From hear the path meanders close to the cliff edge, up and donw over the undulating cliff-tops. The predominant environment is gorse heath, but occasionally this gives way to grassy meadow, where man has exerted his power as far as he can. Aafter a while a final drop heralds the last climb if Bolt head is your target and end up on a ridge, jutting out to sea, with a WW2 battlement at the very end, and some perfect little rock stacks as nature’s picnic table, giving views to the mouth of the estuary and a small bay on one side, and the coastline to the north, whence you have come, on the other.

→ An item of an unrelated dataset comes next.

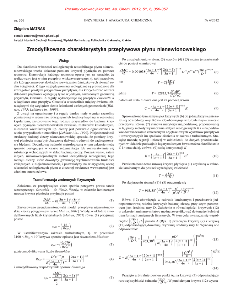 Prosimy cytować jako: Inż. Ap. Chem. 2012, 51, 6, 356-357 INŻYNIERIA I APARATURA CHEMICZNA str. 356 Nr 6/2012 Zbigniew MATRAS e-mail: [email protected] Instytut Inżynierii Cieplnej i Procesowej, Wydział Mechaniczny, Politechnika Krakowska, Kraków Zmodyfikowana charakterystyka przepływowa płynu nienewtonowskiego Wstęp Do określenia własności reologicznych reostabilnego płynu nienewtonowskiego trzeba dokonać pomiaru krzywej płynięcia za pomocą reometru. Konstrukcja każdego reometru oparta jest na zasadzie, że realizowany jest w nim przepływ wiskozymetryczny, tj. taki przepływ, dla którego znane jest dokładne rozwiązanie różniczkowych równań ruchu i ciągłości. Z tego względu pomiary reologiczne są prowadzone dla szczególnie prostych przypadków przepływu, dla których różne od zera składowe prędkości występują tylko w jednym, narzuconym geometrią przyrządu, kierunku. Z reguły wykorzystuje się przepływ Poiseuille’a w kapilarze oraz przepływ Couette’a w szczelinie między dwiema, obracającymi się względem siebie ściankami o różnych geometriach [Walters, 1975; Leblanc i in., 1999]. Z uwagi na ograniczony i z reguły bardzo mały wymiar szczeliny pomiarowej w reometrze rotacyjnym lub średnicy kapilary w reometrze kapilarnym, zastosowanie tego rodzaju przyrządów do badania krzywych płynięcia nienewtonowskich zawiesin, roztworów koloidalnych, mieszanin wielofazowych itp. cieczy jest poważnie ograniczone i w wielu przypadkach niemożliwe [Leblanc i in., 1999]. Niejednorodność struktury badanej cieczy nienewtonowskiej sprawia, że pomiary krzywej płynięcia mogą być obarczone dużymi, trudnymi do zaakceptowania błędami. Dodatkową trudność metrologiczną w tym zakresie może sprawić postępująca w czasie sedymentacja lub rozwarstwianie się substancji wchodzących w skład badanej cieczy. Poszukiwanie, zatem innych, niekonwencjonalnych metod identyfikacji reologicznej tego rodzaju cieczy, które dawałyby gwarancję wyeliminowania trudności związanych z niejednorodnością i pozwalałyby na wiarygodną ocenę własności reologicznych płynu o złożonej strukturze wewnętrznej jest zdaniem autora celowe. Transformacja zmiennych fizycznych Założono, że przepływająca ciecz spełnia potęgowe prawo tarcia wewnętrznego Ostwalda – de Waele. Wtedy, w zakresie laminarnym rurowa krzywa płynięcia przyjmuje postać DDP = ` 3n + 1 jn ` 8o jn (1) K 4L 4n D Zastosowano pseudonewtonowski model przepływu nienewtonowskiej cieczy potęgowej w rurze [Matras, 2001]. Wtedy, w układzie zmodyfikowanych liczb kryterialnych [Matras, 2001] równ. (1) przyjmuje postać 16 m (2) c fM = c ReM W ustabilizowanym zakresie turbulentnym, tj. w przedziale 5 3100 < ReM < 10 krzywa oporów opisana jest równaniem Blasiusa 0, 079 c fM = c 0, 25 m Re M gdzie zmodyfikowana liczba Reynoldsa n 2-n D o t 2 (n + 1) -2, 5 E ; n 3n + 1 j n - 1 3n + 1 K` 8 4n i zmodyfikowany współczynnik oporów Fanninga ReM = c fM (3) DDP 2 (n + 1) 2, 5 E = 4L2 ; 3n + 1 to 2 (4) (5) Po uwzględnieniu w równ. (3) wzorów (4) i (5) można je przekształcić do postaci wymiarowej DDP = 3n + 1 jn/4 ; 2 (n + 1) E 0, 001038 ` 4L 4n 3n + 1 -15/8 T = C` lub D3/2 t3/4 K1/4 ` 8o j(n + 6)/4 (6) D 8o jn D (7) 4 4 D DP 4 3 6 L t um natomiast stała C określona jest za pomocą wzoru gdzie T = 12835, 7 C =` 3n + 1 jn ; 2 (n + 1) E 4n 3n + 1 (8) -15/2 (9) K Sprowadzono tym samym pęk krzywych (6) do jednej krzywej niezależnej od średnicy rury. Równ. (7) obowiązuje w turbulentnym zakresie przepływu. Równ. (7) stanowi merytoryczną podstawę, proponowanej w tej pracy metody wyznaczania stałych reologicznych K i n na podstawie doświadczalnie zmierzonych objętościowych wydatków przepływu i towarzyszących im spadków ciśnienia w zakresie turbulentnym. Stosując metodę regresji liniowej w odniesieniu do danych przedstawionych w układzie podwójnie logarytmicznym łatwo można określić stałe C i n oraz dalej, z równ. (9) stałą konsystencji K K=c 4n n ; 2 ( n + 1) E m 3n + 1 3n + 1 15/2 C 4 (10) Przekształcono teraz rurową krzywą płynięcia (1) uzyskaną w zakresie laminarnym do postaci wyrażającej zależność T = f` 8o j D (11) Po skojarzeniu równań (1) i (8) otrzymuje się T = 963, 38 4 ` 3n + 1 j4n K 4 ` 8o j4n - 6 3 6 4n t D D (12) Równ. (12) obowiązuje w zakresie laminarnym i przedstawia jednoparametrową rodzinę krzywych badanej cieczy, przy czym parametrem jest średnica rury D. Założenie o równoległości krzywych (12) w zakresie laminarnym łatwo można zweryfikować dokonując kolejnej transformacji zmiennych fizycznych. W tym celu wyznacza się współ8o rzędne 8` D j), T) B punktu A (Rys. 1) przecięcia krzywej (7) z krzywą (12) odpowiadającą dowolnej, wybranej średnicy rury D. Wynoszą one odpowiednio: 2 1 ` 8o j = D ) * 963, 38 4 f T) = K ` 3 n 3 (n - 2 ) tD n 2 (n + 1) 15/2 p 4 + 3n 1 j ; E K` 4n 3n + 1 3n + 1 jn ; 2 (n + 1) E 4n 3n + 1 -15/2 (13) Z _ 3 (nn- 2) 2 3 tD m ]] b c b K [ ` 15 2 / 3n 2 (n + 1) + ]] 963, 38 4 ` 3n 1 j ; E b b 4n 3n + 1 \ a (14) Przyjęto arbitralnie pewien punkt A0 na krzywej (7) odpowiadający 8o rurowej szybkości ścinania ` j . W punkcie tym krzywa (12) wyznaD 0 Prosimy cytować jako: Inż. Ap. Chem. 2012, 51, 6, 356-357 INŻYNIERIA I APARATURA CHEMICZNA Nr 6/2012 str. 357 Rys. 1. Schemat transformacji zmiennych fizycznych Rys. 2. Zmodyfikowana charakterystyka przepływowa 0,3% roztworu HPMC czona za pomocą rury o średnicy D0 przecina krzywą (7). Niech wartość tej współrzędnej ` 8o j = 2100 s-1. Wtedy, zgodnie D 0 metylocelulozy (HPMC) w rurach i kapilarach o różnych średnicach wewnętrznych przedstawiono na rys. 2. Badania wykonano za pomocą reometru kapilarno-rurowego własnej konstrukcji [Matras, 2003]. Punkty doświadczalne uzyskane w wyniku pomiarów układają się wzdłuż krzywych (16) lub (19) wskazując zakres przepływu bez konieczności uprzedniego obliczania wartości liczb Reyn

We sat in the sun and brought out the water bottles and small snack that we had packed. Lazing there, smiling and admiring the view my gaze was caught by something that came past Caroline’s head, on the other side to me, as it wheeled in front of us, and slightly below it was immediately clear that it was a kestrel. It swung along the grassy edge of the cliff below us and then turned to come back again before passing over our heads to return to hovering, in classic kestrel style, over the long grass behind us.
The silence was shortly broken by the faint hum of some folk playing around in a powerful RIB below. I may have had more time for them if they were diving, of course, but the boat was just having a hoolie. It sped right across the entrance of the estuary, past sail boats before doing “doughnuts” in the bay below us. We could hear shrieks from the women aboard so I suspect that it was all done to impress!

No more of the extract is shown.